Leading Democratic contenders for the White House concede they may not be able to remove U.S. troops from Iraq by the end of the next presidential term in 2013.
During a televised debate at Dartmouth College in New Hampshire on Tuesday night, the candidates maintained they didn't know enough at this time to make a firm decision.
"It is very difficult to know what we're going to be inheriting," said Sen. Hillary Rodham Clinton of New York.
"I cannot make that commitment," said former Sen. John Edwards of North Carolina.
"I think it's hard to project four years from now," said Sen. Barack Obama of Illinois in the opening moments of a campaign debate in the nation's first primary state.

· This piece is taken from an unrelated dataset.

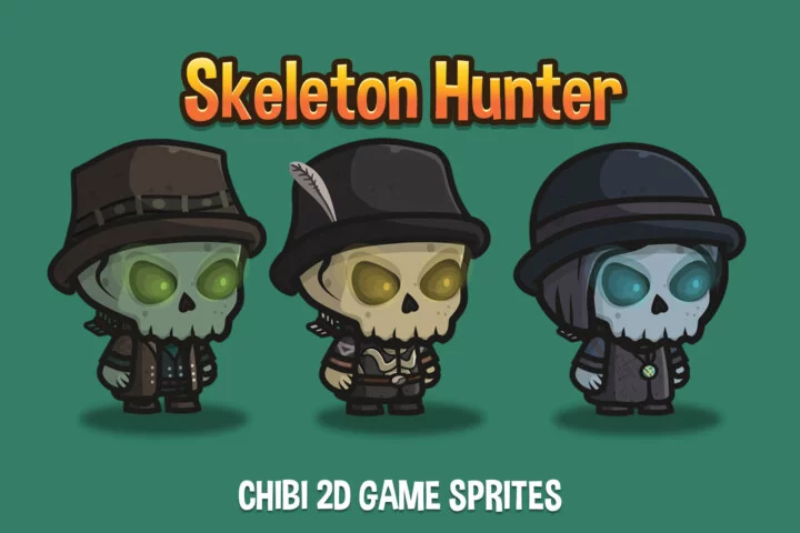Chibi Skeleton Hunter Character Sprites are a charming and versatile sprite pack that is perfect for adding a creepy yet charming feel to your 2D games. Designed with a unique combination of spooky and stylish looks, these hunters feature meticulously crafted details. Thus, making them perfect for RPGs, platformers, roguelikes, MMOs, quests, exploration, adventure games and more. Whether you’re looking for an unusual protagonist, a challenging enemy or an NPC with a strong personality, this pack is perfect for you.

But sensing an opening, Sen. Christopher Dodd of Connecticut and New Mexico Gov. Bill Richardson provided the assurances the others would not.

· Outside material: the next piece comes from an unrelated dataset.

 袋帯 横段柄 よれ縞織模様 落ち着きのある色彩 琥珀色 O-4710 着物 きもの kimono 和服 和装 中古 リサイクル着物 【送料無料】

"I'll get the job done," said Dodd, while Richardson said he would make sure the troops were home by the end of his first year in office.
Foreign policy blended with domestic issues at the debate, and several of the contenders endorsed payroll tax increases to assure a stable Social Security system.
Current law levies a 6.2 percent payroll tax only on an individual's first $97,500 in annual income.
Sen. Joseph Biden of Delaware and Rep. Dennis Kucinich of Ohio, as well as Sen. Barack Obama of Illinois, Dodd, Obama and Edwards said they would apply the tax to income now exempted.
Richardson said he wouldn't.
Clinton refused to say. "I'm not putting anything on the proverbial table" unilaterally, she said.
Biden also said he was willing to consider gradually raising the retirement age, now 67.
Kucinich said that while he favors taxing additional income, he wants to return the retirement age to 65, where it stood until the law was changed in 1983.
Health care, and the drive for universal coverage, also figured in the debate.
"I intend to be the health care president," said Clinton, adding she can now succeed at an undertaking that defeated her in 1993 when she was first lady.
But Biden said that unnamed special interests were no more willing to work with Clinton now than they were more than a decade ago.
"I'm not suggesting it's Hillary's fault; it's reality," he said, carefully avoiding a personal attack on Clinton, who leads in the polls.
Biden said a "lot of old stuff comes back" from past battles, adding, "when I say old stuff I mean policy."
Across the stage, Clinton smiled at that.
Much of the debate's attention was on the former first lady who may become the first woman president.
Asked whether she would ever approve torturing a suspected terrorist to prevent the detonation of a big bomb, she said no.
Debate moderator Tim Russert, a journalist with NBC News, noted that her husband, former President Bill Clinton once suggested it might be appropriate.
"Well, he's not standing here right now," she said, an edge in her voice.
With the primary season approaching, all eight contenders have vied with increasing intensity for the support of anti-war voters likely to provide money and organizing muscle as the campaign progresses.
Edwards said his position on Iraq was different from Obama and Clinton, adding he would "immediately draw down 40,000 to 50,000 troops." That's roughly half the 100,000 that Gen. David Petraeus, the top U.S. commander in Iraq, has indicated could be stationed there when President Bush's term ends in January 2009. "I do not want to continue combat missions in Iraq," he said.
Asked whether they were prepared to use force to prevent Iran from becoming a nuclear power, several of the hopefuls sidestepped. Instead, they said, all diplomacy must be exhausted in the effort.
The debate unfolded in the state that has held the first presidential primary in every campaign for generations.
New Hampshire's primary is tentatively set for Jan. 22, but that is expected to change as other states maneuver for earlier primaries.